11:24-3.4, nor may the HMO cancel or nonrenew
a member 's coverage solely on the basis of the items set forth at
N.J.A.C.
11:24-3.2(a).
(e) With respect to the claims processing
information, the information shall include, but not be limited to, the
requirements for filing proper proof of loss, any time limit on the filing of
claims or payment of claims, explanations of how disputed claims may be
resolved, any restrictions on assignment of a claim , and whether a standard
claim form is required to be used.
(f) With respect to the continuation of
coverage of a member when the member is admitted to the health care facility on
the date that the group health benefits plan is terminated, the provision shall
specify that the HMO shall continue to provide benefits for the member until
the date of the member 's discharge from the health care facility, or exhaustion
of the member 's benefits under the terms of the health benefits plan , whichever
occurs first, and in no event shall the provisions be inconsistent with the
standards of N.J.A.C. 11:2-13.
(g)
With respect to coordination of benefits, if the HMO will coordinate benefits
under the health benefit plan, the HMO shall comply with N.J.A.C. 11:4-28;
otherwise, the HMO shall include a statement that coverage under the health
benefits plan shall be primary coverage for all members.

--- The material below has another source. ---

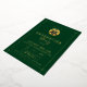 Gold paramedic EMT Class of 2025 green graduation foil invitations. Celebrate the outstanding accomplishment of your Class of 2025 paramedic graduate with these personalised emerald green invitations adorned with gold foil details. These invitations are a heartfelt recognition of the graduate's dedication and resilience in the demanding field of emergency medicine. The iconic gold Rod of Asclepius, a traditional symbol of the paramedic profession, prominently highlights the graduate's chosen career, while the refined gold borders gracefully converge at the corners, adding a touch of elegance to the overall design.

(h) With respect to the extension of benefits
for total disability, the provisions shall not be inconsistent with
N.J.S.A.
17B:27-51.12.
(i) With respect to the entire contract
provision, the HMO shall include a statement that the contract, all
applications and any amendments thereto constitute the entire agreement between
the parties, and the HMO shall not include any portion of its charter, bylaws
or other documents as part of the contract or plan document unless set forth in
full in the contract or attached to it.
(j) With respect to the term of the coverage,
termination of the group contract and renewal, the HMO shall include a
provision that specifies the date or occurrence upon which coverage becomes
effective, the anniversary date of the contract, conditions upon which
cancellation or termination may be effected by the HMO, the contractholder
and/or the subscriber , and the conditions for and any restrictions upon
renewal.
(k) With respect to the
grace period, the HMO shall provide for a grace period of no less than 30 days
for the payment of any premium other than the initial premium, during which
time the coverage shall remain in effect.
1.
The provision shall specify that the HMO shall remain liable for providing the
services and benefits covered under the health benefits plan , the
contractholder remains liable for payment of the required premium, and the
members remain liable for any copayments, deductibles, coinsurance or other
costs that may be applicable under the terms of the health benefits
plan .
2. The provision shall
specify that if the premium is not paid during the grace period, coverage is
automatically terminated at the end of the grace period, effective as of the
end of the grace period, and that the HMO shall provide notice of the effective
date of the termination to the contractholder no more than 30 days following
the effective date of the termination.
(l) With respect to the
conformity of law provision, the HMO shall provide that any portion of the
contract that is not otherwise in conformity with the laws of this State,
including but not limited to,
N.J.S.A.
26:2J-1 et seq.,
26:2S-1 et seq., and rules
promulgated pursuant thereto, and
17B:27-49 et seq., as amended by
P.L.
1997 , c. 146 , shall not
be rendered invalid but shall be construed and applied as if it were in full
compliance with the applicable laws and regulations of this State.